On the other hand, when the MIW was in contact with the waste rock (CT4), the potential action of the native SRB was not enough to reduce the Zn and Cd concentrations to acceptable levels. Indeed, the Zn and Cd levels actually increased by 177% (from 868 to 1546 µg/L for Zn) and by 283% (from 10.9 to 32.6 µg/L for Cd), whereas the sulfate concentration increased by 147% (from 421 to 644 mg/L of sulfate). The increase in sulfate and the pH decrease from 7.0 to 3.4 in this control might be indicative of sulfide mineral oxidation in the waste rock (WR1 and/or WR2). Moreover, it appeared that the ORP was high (approximately 362 mV) after the experimental period (90 days). Not surprisingly, this control (“Waste Rocks + MIW”) clearly indicated that if the mine water was in contact with the waste rock, similar to the groundwater flowing through the old tunnels, leaching of Cd and Zn was likely to occur, releasing detrimental amounts of contaminants in water. This showed that as long as the water flows through the tunnels in contact with the mine rock, water treatment will be required. Diverting the water from the tunnels is not considered a viable option because the tunnels were driven into the groundwater, so long-term mine water treatment will be required to remove metals at this site.
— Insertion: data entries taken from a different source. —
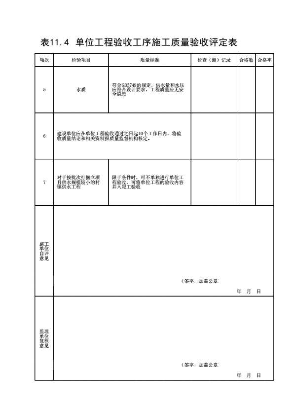11.4 单位工程验收工序施工质量验收评定表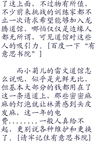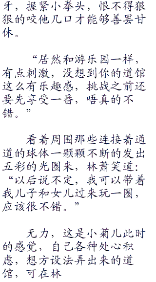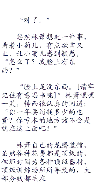 所以林萧的哭穷让小菊儿感觉他很无耻,但又觉得大家都是同病相怜,因为她那点工资其实并不高,每年自己的那个模特赚的钱不少都坑到了道馆内,不过为了追求完美和美丽,小菊儿也心甘情愿坑那么多钱进去。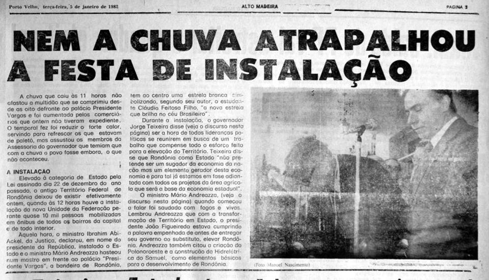 Com caravanas de vários estados e de todos os municípios – eram 13 até então, e chuva (como registrou em sua edição do dia seguinte o Jornal Alto Madeira – foto), o ministro da Justiça Ibrahim Abi-Ackel, representando o presidente João Figueiredo (o ministro do Interior Mário Andreazza também estava presente), e muita emoção do governador Jorge Teixeira, foi instalado no dia 4 de janeiro de 1982, uma segunda-feira, o Estado de Rondônia, o primeiro dos territórios Federais criados em 1943 a alçar à condição de Unidade da Federação. Conforme a Lei Complementar 41/1981 a 23ª Estrela no “Azul da União”, nascia apenas com um poder designado, o Executivo, dando ao governador Jorge Teixeira meios para criar outros órgãos da estrutura normal do Estado (Judiciário, Ministério Público, Tribunal de Contas). O Poder Legislativo foi instalado apenas em 6 de agosto de 1983 quando promulgada a Constituição Estadual.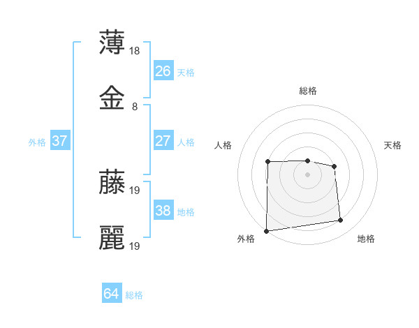 薄金 藤麗さんを姓名の画数から五運を鑑定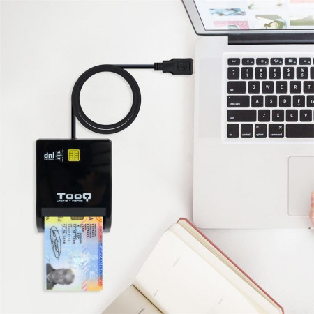 El lector de tarjetas DNIe TOOQ TQR-210 en color negro te permite realizar gestiones online de forma rápida y segura desde tu ordenador. Compatible con el DNI electrónico español y otras tarjetas inteligentes, este lector es la solución perfecta para acceder a servicios de la administración pública, realizar trámites bancarios y firmar documentos digitalmente.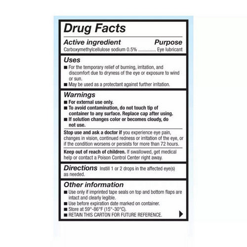 Active Ingredients: Carboxymethylcellulose Sodium 0.5%. InActive Ingredients: Boric Acid; Calcium Chloride; Magnesium Chloride; Potassium Chloride; Purified Water; Purite (Stabilized Oxychloro Complex); Sodium Borate; Sodium Chloride; may also contain: Hydrochloric Acid and/or Sodium Hydroxide to adjust pH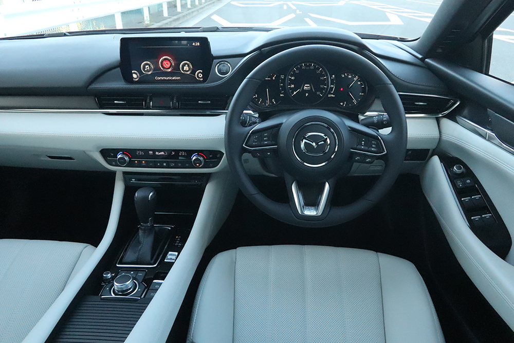 エンジンは、先だって改良を受けたCX-5と同様、ディーゼルエンジンが急速多段燃焼機構などを採用する最新スペックにアップデートされ、2.5リッターのガソリンエンジンには“気筒休止機構”が搭載された。また、2リッターのガソリンエンジンも、低中速域でのトルクアップや燃費向上が盛り込まれるなど、すべてのエンジンがマツダの最新バージョンに引き上げられている。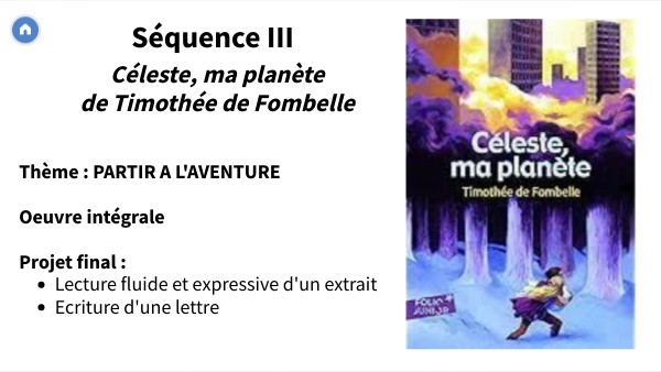 Thème : PARTIR A L'AVENTURE Oeuvre intégraleProjet final :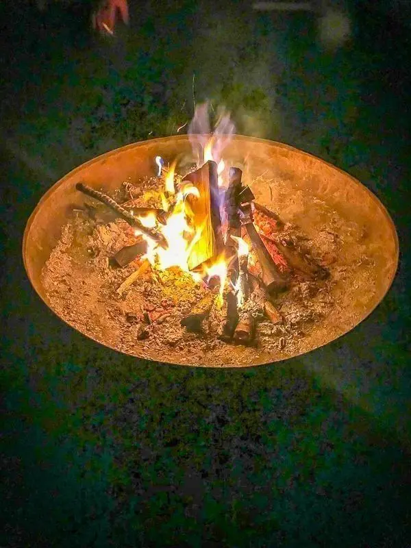 Kleine Flamme mit Rauch aus Holzscheiten in einer Feuerschale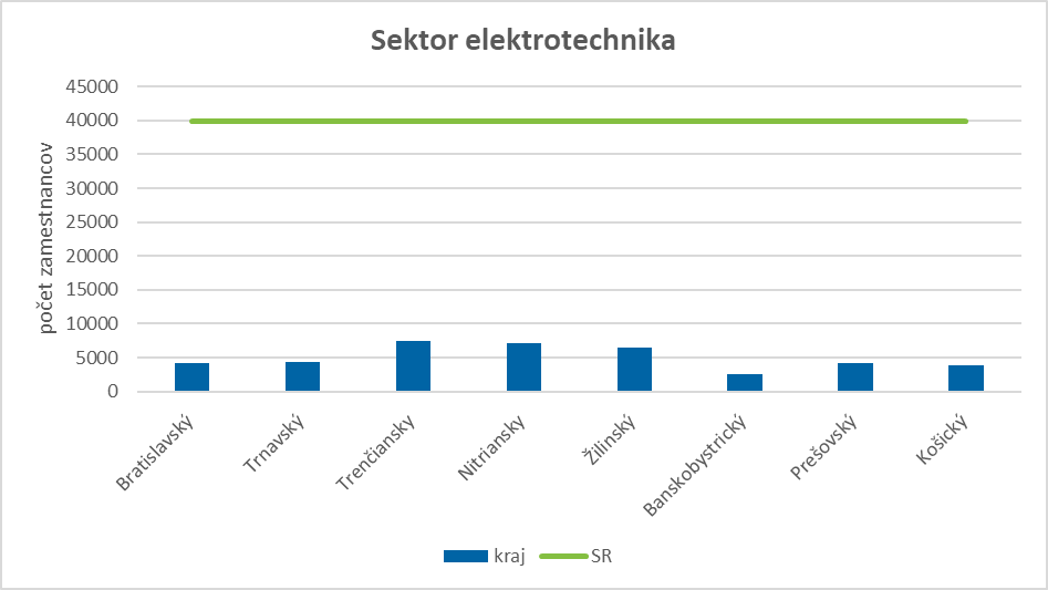 Sektor elektrotechnika bol charakteristický približne 18 %-ným (viac ako 7 500 osôb) zastúpením Nitrianskeho kraja, ako aj Trenčianskeho kraja, na celkovom počte sektorovo špecifických zamestnancov v SR. Približne 16 % sektorovo špecifických pracovných príležitostí sa využilo v Žilinskom kraji. Medzi regiónmi najnižší podiel sektorovo špecifických zamestnancov vykázal k 31. 12. 2021 Banskobystrický kraj, a to cca 6 % z úhrnného počtu sektorovo špecifických zamestnancov.
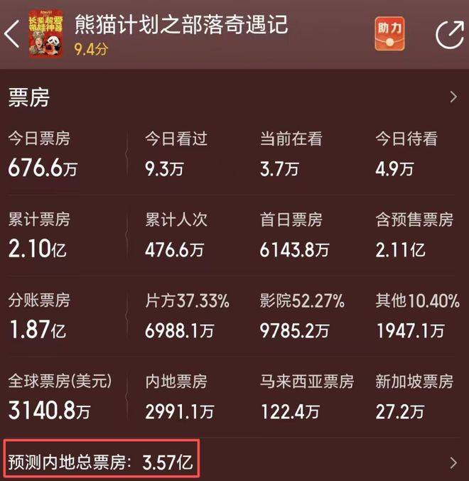 熊猫计划2》在豆瓣上的评分尚未公布,但第一部仅有5.5分,第二部的质量也只能算是平平,预计很难超越这个分数。虽然题材和风格在春节档有一定的受众基础,但影片的目标群体过于模糊,最终导致票房惨败。如果没有足够的实力,还是不要轻易打着合家欢的旗号吸引观众,像《

Performances of carbon sources with respect to SRB activity and metal removal from mine drainage

Impact of carbon sources on SRB activity

Different carbon sources, i.e. molasses, methanol, and a mix of both, were tested to assist bacterial growth (Table 1). The first series of experiments were carried out with a carbon concentration defined by the molar ratio of sulfate to carbon (Eq. 3). Figure 2 presents the residual concentration of carbon and sulfate during the 90 day experiment when molasses, methanol, or a mix of molasses and methanol were added to the bioreactors at the same initial carbon concentration (C1 = 77 mg/L).

Fig. 2
figure 2

Carbon (a) and sulfate (b) concentration (mg/L) during the batch test

Complete carbon depletion was observed after 90 days when molasses was used, either on its own or mixed with methanol (Fig. 2a). When methanol was used as the sole carbon source, the concentration of carbon was only reduced from 77 to 5.9 mg/L after 90 days. According to these results, we noticed than the consumption of carbon was slightly faster for the experiments carried out in the presence of molasses alone than for the experiments conducted with methanol alone or a mix of methanol/molasses. Indeed, after 47 days, the t values calculated when comparing the experiments with molasses alone versus methanol alone and molasses versus molasses/methanol were 3.27 and 4.92 (higher than the threshold value, t (α = 0.5%, df = 4) = 2.776), respectively; indicating that the source of carbon had a significant effect on the consumption of carbon by SRB. Methanol has been used as an electron donor in denitrification (Germonpre et al. 1991; Weijma 2000), and is a well-known, reliable carbon source that supports bacterial growth. However, it can also be toxic to some microbes, or they might require an acclimation period (Tsukamoto 1999). Indeed, alcohols are toxic to microorganisms at high concentrations, presumably because they damage the cell membrane and inhibit glycolytic enzymes (Dürre et al. 1988; Weijma 2000). As alcohol toxicity towards bacteria decreases with a decrease in the length of the carbon chain, it may be speculated that methanol toxicity will not occur at concentrations below 10 g/L (Weijma 2000). In the present study, the methanol concentration used was 77 mg/L, which is far below the toxicity limits defined by Weijma (2000). Therefore, the most probable reason that can explain why the consumption of methanol was slower than molasses after 47 days is that sugars are generally consumed more rapidly by bacteria. Indeed, SRB are able to metabolize low molecular weight organic compounds such as organic acid, alcohol, and amino acids (Gould et al. 2012). Moreover, the most critical limiting factor for microbial activity is the amount of labile metabolizable carbon available from an added organic carbon source, such as molasses (Gibert et al. 2004; Gould et al. 2012; Neculita et al. 2007; Zagury et al. 2007).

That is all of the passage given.